Geosubmit (Deprecated)¶
Note
Please use the Geosubmit Version 2 API instead.
- Purpose
- Submit data about nearby Bluetooth, cell and WiFi networks.
Request¶
Geosubmit requests are submitted using a POST request to the URL:
https://location.services.mozilla.com/v1/geosubmit?key=<API_KEY>
Geosubmit requests are submitted using a POST request with a JSON body:
{"items": [
{
"latitude": -22.7539192,
"longitude": -43.4371081,
"accuracy": 10.0,
"altitude": 100.0,
"altitudeAccuracy": 50.0,
"timestamp": 1405602028568,
"heading": 45.0,
"speed": 3.6,
"bluetoothBeacons": [
{
"macAddress": "ff:74:27:89:5a:77",
"age": 2000,
"name": "beacon",
"signalStrength": -110
}
],
"cellTowers": [
{
"radioType": "gsm",
"cellId": 12345,
"locationAreaCode": 2,
"mobileCountryCode": 208,
"mobileNetworkCode": 1,
"age": 3,
"asu": 31,
"signalStrength": -51,
"timingAdvance": 1
}
],
"wifiAccessPoints": [
{
"macAddress": "01:23:45:67:89:ab",
"age": 3,
"channel": 6,
"frequency": 2437,
"signalToNoiseRatio": 13,
"signalStrength": -77
},
{
"macAddress": "23:45:67:89:ab:cd"
}
]
}
]}
Field Definition¶
Requests always need to contain a batch of reports. Each report must contain at least one entry in the cellTowers array or two entries in the wifiAccessPoints array.

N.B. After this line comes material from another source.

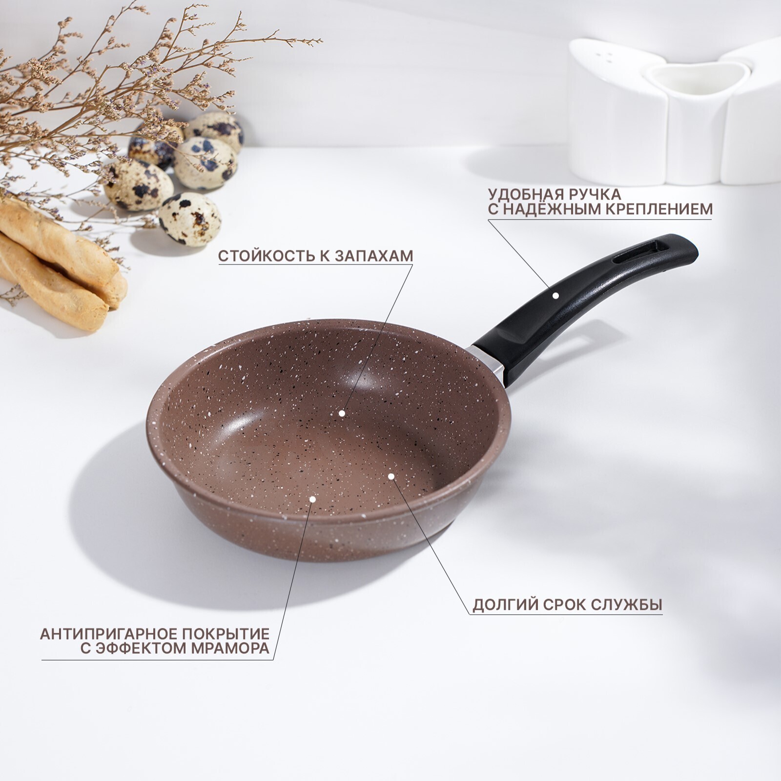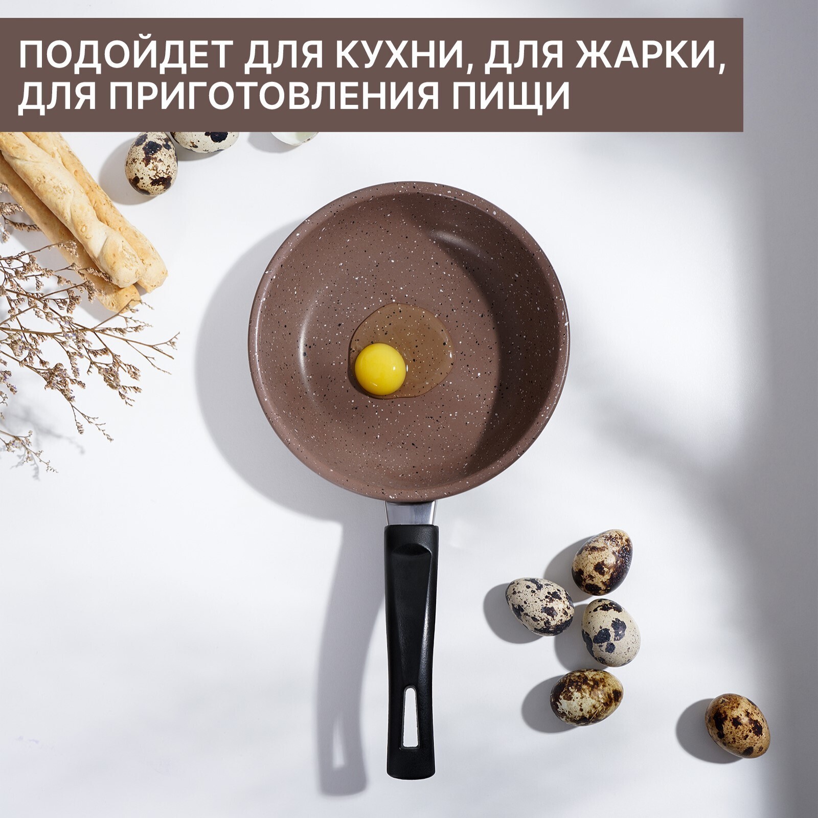 Сковорода Rock, d=15 см, пластиковая ручка, антипригарное покрытие, цвет коричневый

Most of the fields are optional. For Bluetooth and WiFi records only the macAddress field is required. For cell records the radioType, mobileCountryCode, mobileNetworkCode, locationAreaCode and cellId fields are required.
The Bluetooth array is an extension and can contain four different fields for each Bluetooth network:
- macAddress
- The address of the Bluetooth Low Energy (BLE) beacon.
- name
- The name of the BLE beacon.
- age
- The number of milliseconds since this Bluetooth beacon was last seen.
- signalStrength
- The measured signal strength of the BLE beacon in dBm.

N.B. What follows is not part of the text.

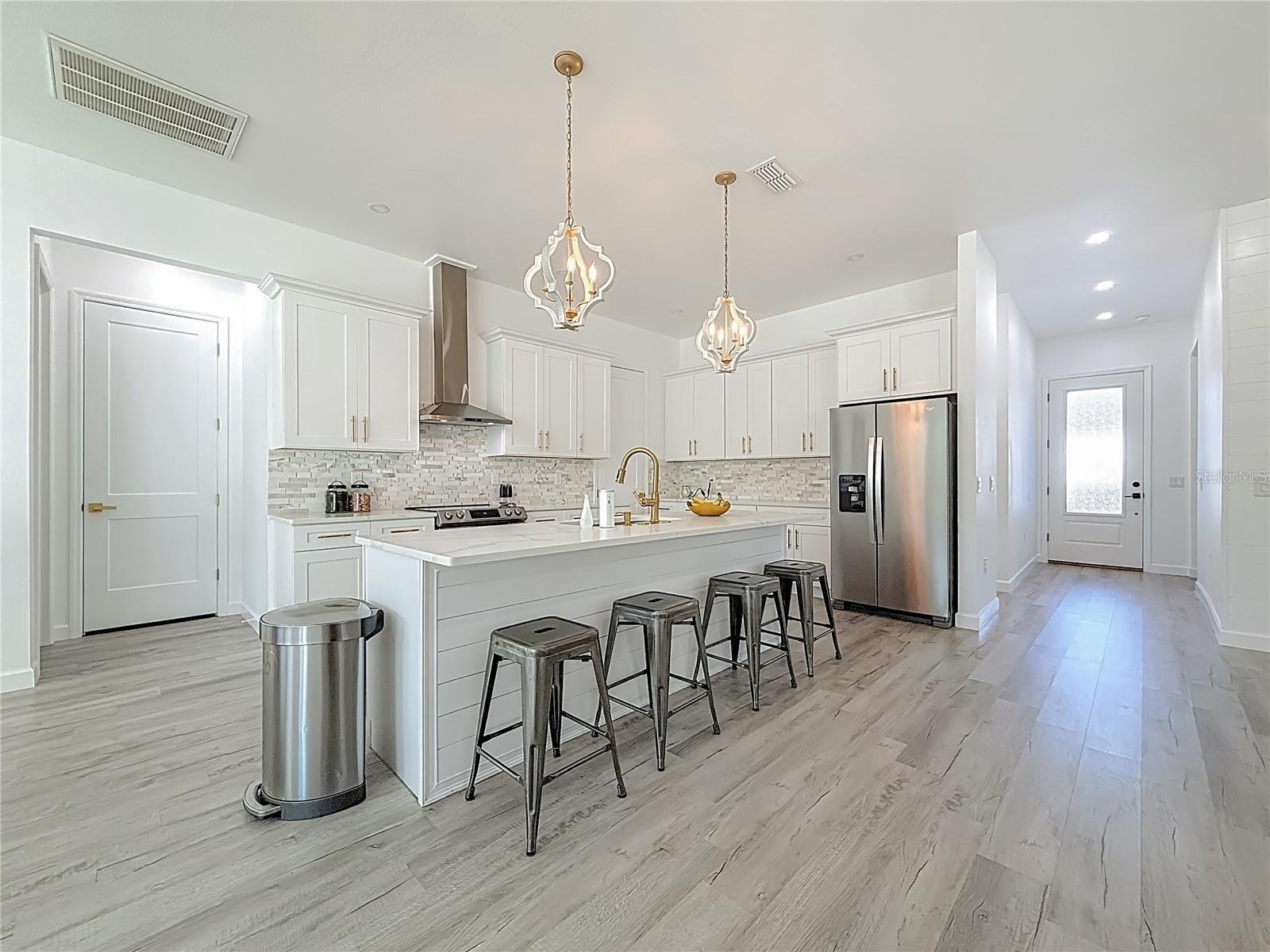 Bring your boat! Stunning 3BR/3BA luxury home in Tarpon, professionally designed and built in 2023 with no expense spared! Features soaring ceilings, impact windows & doors, and an open split floor plan with THREE FULL baths and a separate laundry room. Chef’s kitchen with all-wood cabinetry, quartz countertops, center island, stainless steel appliances, and tiled backsplash. Luxury water-resistant LVP flooring throughout. Spacious primary suite with walk-in closets and spa-style bath featuring dual sinks and a frameless designer shower. Bedroom 2 has a walk-in closet and bedroom 3 has a huge, oversized closet. All have their own bathroom. Energy-efficient spray foam insulation to keep the home cool. Front and rear porches overlooking a large yard. NO HOA. Conveniently located near Downtown Tarpon, Tarpon Marina, schools, hospitals, dining, shopping, golf courses, and major commuting routes.

The cell record has been extended over the geolocate schema to include three more optional fields:
- age
- The number of milliseconds since this cell was primary. If age is 0, the cell id represents a current observation.
- asu
- The arbitrary strength unit. An integer in the range of 0 to 95 (optional).
- psc
- The physical cell id as an integer in the range of 0 to 503 (optional).
The WiFi record has been extended with one extra optional field frequency. Either frequency or channel may be submitted to the geosubmit API as they are functionally equivalent.
- frequency
- The frequency in MHz of the channel over which the client is communicating with the access point.
The top level schema is identical to the geolocate schema with the following additional fields:
- latitude
- The latitude of the observation (WSG 84).
- longitude
- The longitude of the observation (WSG 84).
- timestamp
- The time of observation of the data, measured in milliseconds since the UNIX epoch. Should be omitted if the observation time is very recent.
- accuracy
- The accuracy of the observed position in meters.
- altitude
- The altitude at which the data was observed in meters above sea-level.
- altitudeAccuracy
- The accuracy of the altitude estimate in meters.
- heading
- The heading field denotes the direction of travel of the device and is specified in degrees, where 0° ≤ heading < 360°, counting clockwise relative to the true north. If the device cannot provide heading information or the device is stationary, the field should be omitted.
- speed
- The speed field denotes the magnitude of the horizontal component of the device’s current velocity and is specified in meters per second. If the device cannot provide speed information, the field should be omitted.
Response¶
Successful requests return a HTTP 200 response with a body of an empty JSON object.
Search (Deprecated)¶
Note
Please use the Geolocate API instead.
- Purpose
- Determine the current location based on data provided about nearby Bluetooth, cell or WiFi networks and based on the IP address used to access the service.
Request¶
Search requests are submitted using a POST request to the URL:
https://location.services.mozilla.com/v1/search?key=<API_KEY>
A search record can contain a list of Bluetooth, cell and WiFi records.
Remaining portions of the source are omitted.